La recordaba con bastante exactitud a pesar de haberla visto por primera y única vez hace 20 años al menos. Guardaba en la memoria la impresión que me causó su mensaje, su formato y su conmovedora historia de amor, más allá del tiempo y del espacio. Anoche volví a verla, una de las películas que más recomiendo para estos días: Doce monos (1995), dirigida por Terry Gilliam, miembro de los Monty Python, y protagonizada por Bruce Willis, Madeleine Stowe y Brad Pitt. La película narra un futuro postapocalíptico en el que las personas supervivientes de un virus letal viven bajo tierra. James Cole (Bruce Willis), el protagonista, es enviado una y otra vez al pasado para intentar, sin éxito, evitar la debacle: es incapaz de descifrar qué salió mal. Cole es candidato a viajar al pasado porque es bueno en recordar cosas. De hecho, todo gira en torno a una escena que se repite en su mente una y otra vez, una escena del año 1996 cuando una gran pandemia acaba con gran parte de la población mundial. Cole niño está en un aeropuerto, ve morir a un hombre y cruza su mirada con la de la mujer que lo sostiene en sus brazos.

La película es una versión extendida y libre de La Jetée (El muelle) (1962) dirigida por Chris Marker. Se trata de un cortometraje de apenas 27 minutos en el que un narrador cuenta la historia mientras se van sucediendo una serie de fotografías en blanco y negro. Una fotonovela tal y como la denominó el director.

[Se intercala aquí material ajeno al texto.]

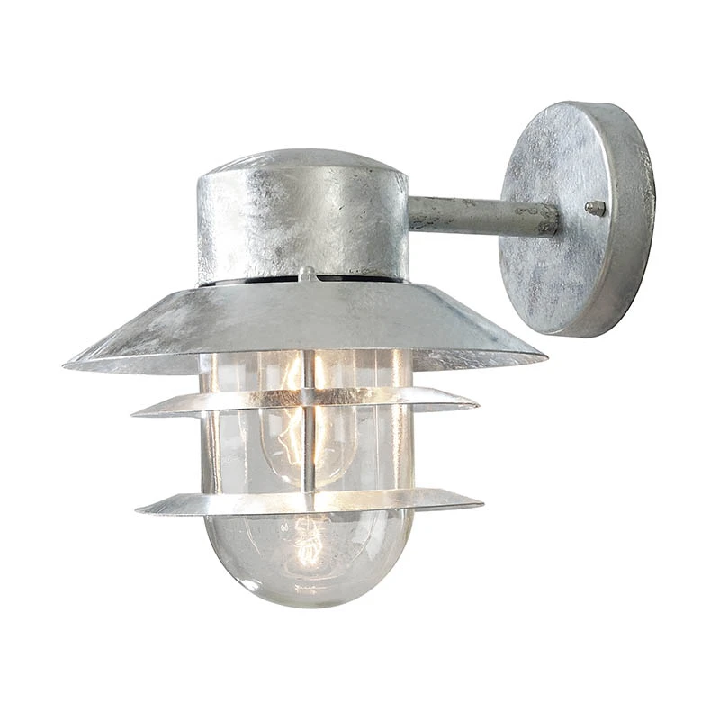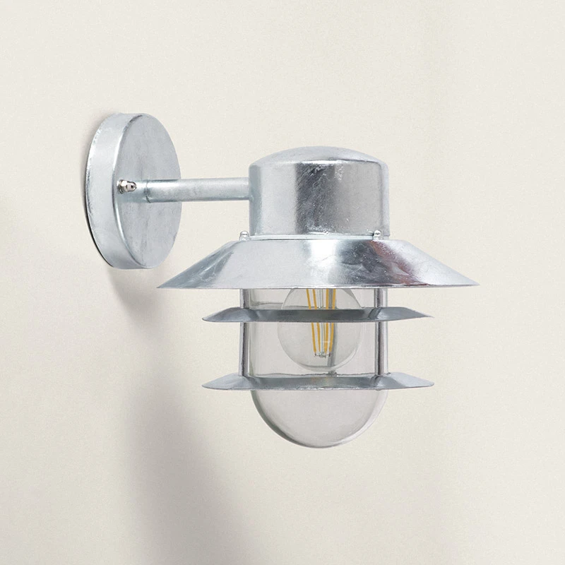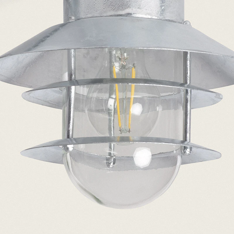 - Outdoor coastal resistant hanging wall light in a natural raw galvanised steel finish with a three tiered cage guard surrounding the clear glass diffuser

En ella un hombre se somete a un experimento para volver al pasado tras la destrucción ocasionada por una guerra atómica. El hombre recuerda el rostro de una mujer en el muelle del aeropuerto de Orly en París justo antes de la muerte de un hombre. En sus sucesivos viajes al pasado el hombre buscará a esta mujer para hacerse su compañero, quizá su amante, hasta volver a buscarla el día de su recuerdo en el muelle de Orly. Cuenta el narrador:

“Los domingos en Orly, los padres llevan a sus hijos a ver el despegue de los aviones. Ese domingo en particular el niño cuya historia vamos a contar estaba destinado a recordar la visión de un sol congelado, el paisaje del fondo del muelle y el rostro de una mujer. Nada distingue los recuerdos de los momentos corrientes. No se descubren hasta más tarde por sus cicatrices. Sobre ese rostro que tenía que ser la única imagen de paz para atravesar tiempos de guerra, se preguntaba si lo había visto realmente o si había creado un momento de ternura para sobrellevar el momento de locura que vendría después: el súbito ruido, el gesto de la mujer, la caída de un cuerpo y el griterío de la gente en el muelle, turbada por el miedo.”

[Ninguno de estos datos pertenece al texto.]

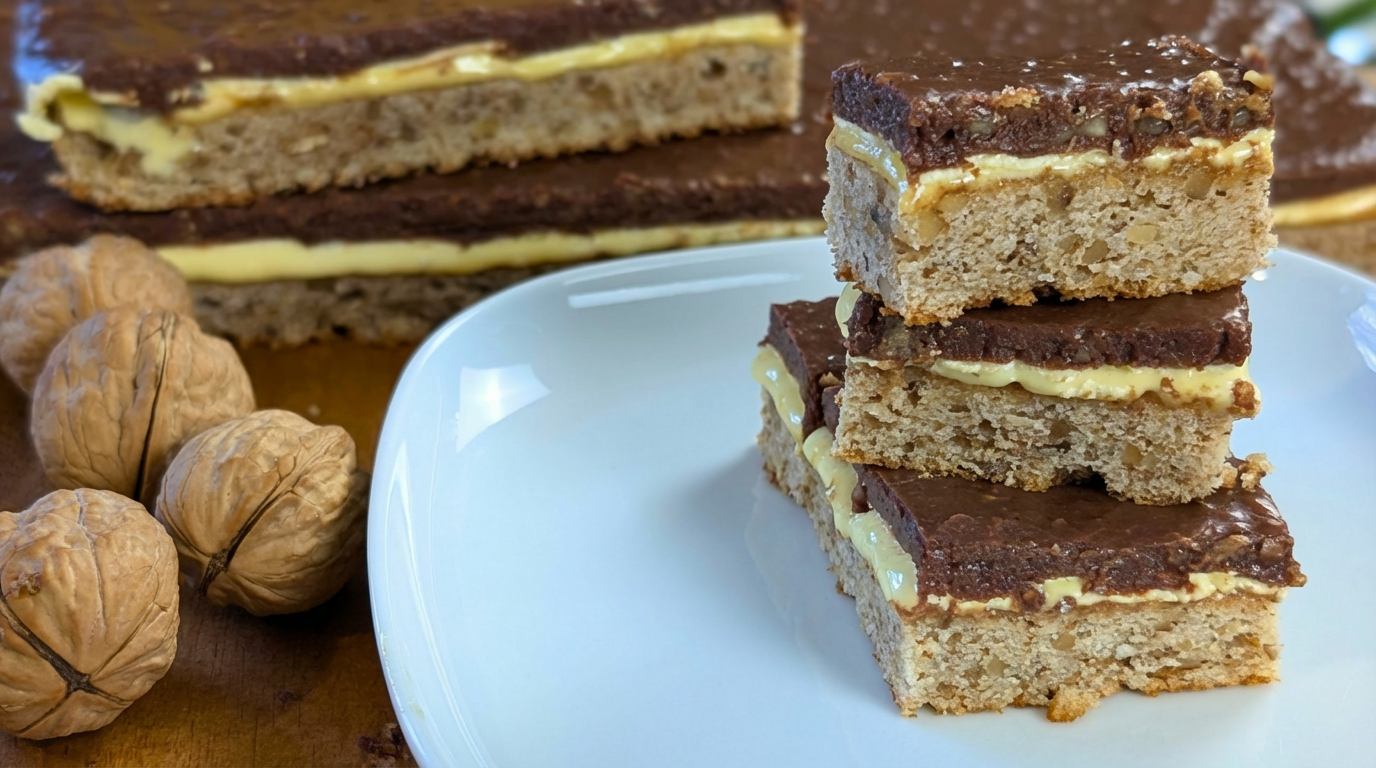 If there is one dessert that truly lives up to its name, it’s this one. Kraljica Štangli, or “Queen of Bars,” is a classic Balkan treat made with walnuts, rich egg layers, and a silky chocolate topping.

Hoy ha muerto Luis Eduardo Aute. Una pérdida que, en mi imaginario íntimo y sentimental se sitúa al nivel de Cohen o Morente. Canciones como: La belleza, Anda, De alguna manera, De paso, Siento que te estoy perdiendo, Aleluya nº1. Duele pensar que no habrá más conciertos, aunque su música dure tanto como nuestra vida.

De entre sus canciones hoy recuerdo con especial intensidad “El niño que miraba el mar”, una de sus últimas canciones, que se conecta íntimamente con todo lo que vengo relatando. La canción es un viaje en el tiempo del autor para sentarse junto a su propio yo niño sentado en el malecón de Manila en el año 1945, una fotografía que tomó su padre y que 65 años después se enfrenta a otra imagen de Aute tomada por su hija en el malecón de La Habana. El niño otea “más allá del fin del mar”, los restos de los barcos tras un bombardeo durante la Segunda Guerra Mundial: “Aún resuena en su cabeza el bombardeo / De una guerra de dragones sin cuartel”.

“Nada distingue los recuerdos de los momentos corrientes. No se descubren hasta más tarde por sus cicatrices.”

Canta Aute en esta canción:

«Su mirada queda oculta pero veo

Lo que ven sus ojos porque yo soy él.

Y daría lo vivido

Por sentarme a su costado

Para verme en su futuro

Desde todo mi pasado

Y mirándole a los ojos

Preguntarle enmimismado

Si descubre a su verdugo

En mis ojos reflejado»

Me impresiona imaginar ese momento en que nuestro yo adulto se enfrentara a nuestro yo niño. Un viaje en el tiempo en el que que quizá constataramos que probablemente hemos matado al que fuimos. La cicatriz de un momento de la niñez que trasladaba a Aute a un diálogo imposible y profundamente cinematográfico, como demuestra el cortometraje que él mismo dibujó para acompañar a esta canción.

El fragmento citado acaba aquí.